Vous vous en doutiez ? Les conditions n’ont pas tenu. Nous avons dû passer au vent arrière parce que les îles imposent certaines portions de la route, et la brise s’est levée, jusqu’à vingt-cinq nœuds et même trente sous de beaux grains. Tant pis pour la lune. Nous ferons la deuxième partie de nuit sous grand-voile arisée seule, un peu pour être plus tranquille, et un peu pour essayer de ralentir Kousk Eol et ne pas arriver dans la passe avant le soleil. Mais comme la mer s’y est mise elle aussi, nous roulons un tantinet. Et le pilote ne chôme pas pour rattraper les écarts : les batteries accusent le coup et montrent au matin un niveau de charge nettement plus bas que d’habitude.

Au matin, vers sept heures, nous nous présentons devant la passe Navula, en même temps qu’un cargo qui lui sort. La VHF crache sur le canal 16 : « Sailing vessel, sailing vessel : what is your intention ? ». Comme on est bien élevé sur Kousk Eol, on répond qu’on veut bien partager le chenal et qu’on restera sagement sur tribord. « OK sailing vessel : port to port ! And have a nice week-end. ». Cette fois au moins nous ne serons pas assimilés à des WAFIs.

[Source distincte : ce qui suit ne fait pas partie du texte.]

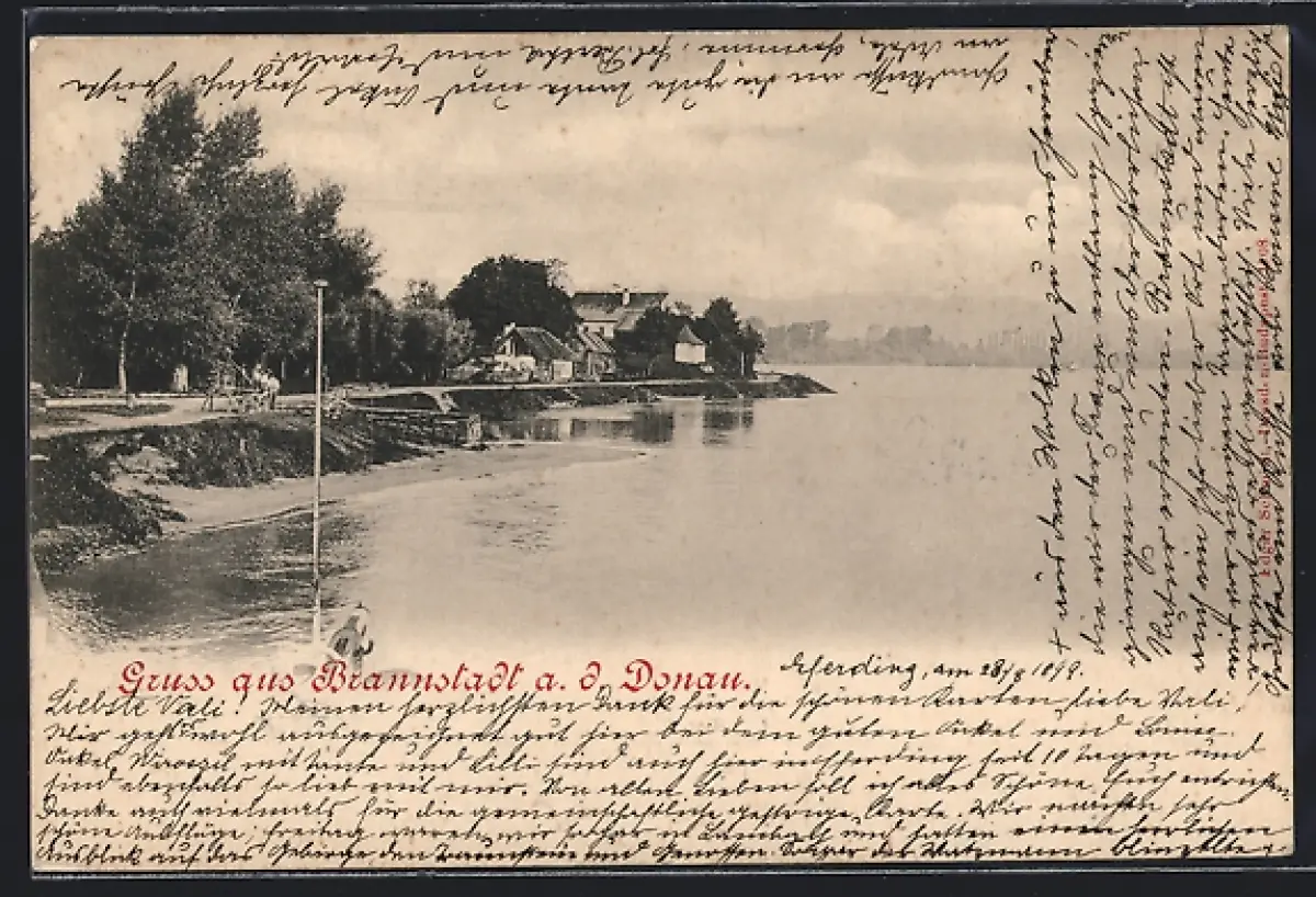 AK Brandstatt a. d. Donau, Uferpartie mit Bäumen

La magie des passes des lagons opère encore une fois : à peine passées, la mer devient plate, et du coup les manœuvres pour affaler les voiles et ranger tous les bouts de ficelle1 se trouvent grandement facilitées. Plus qu’une quinzaine de milles et nous devrions trouver une place dans la toute nouvelle marina de Port Denarau, à côté de Nandi.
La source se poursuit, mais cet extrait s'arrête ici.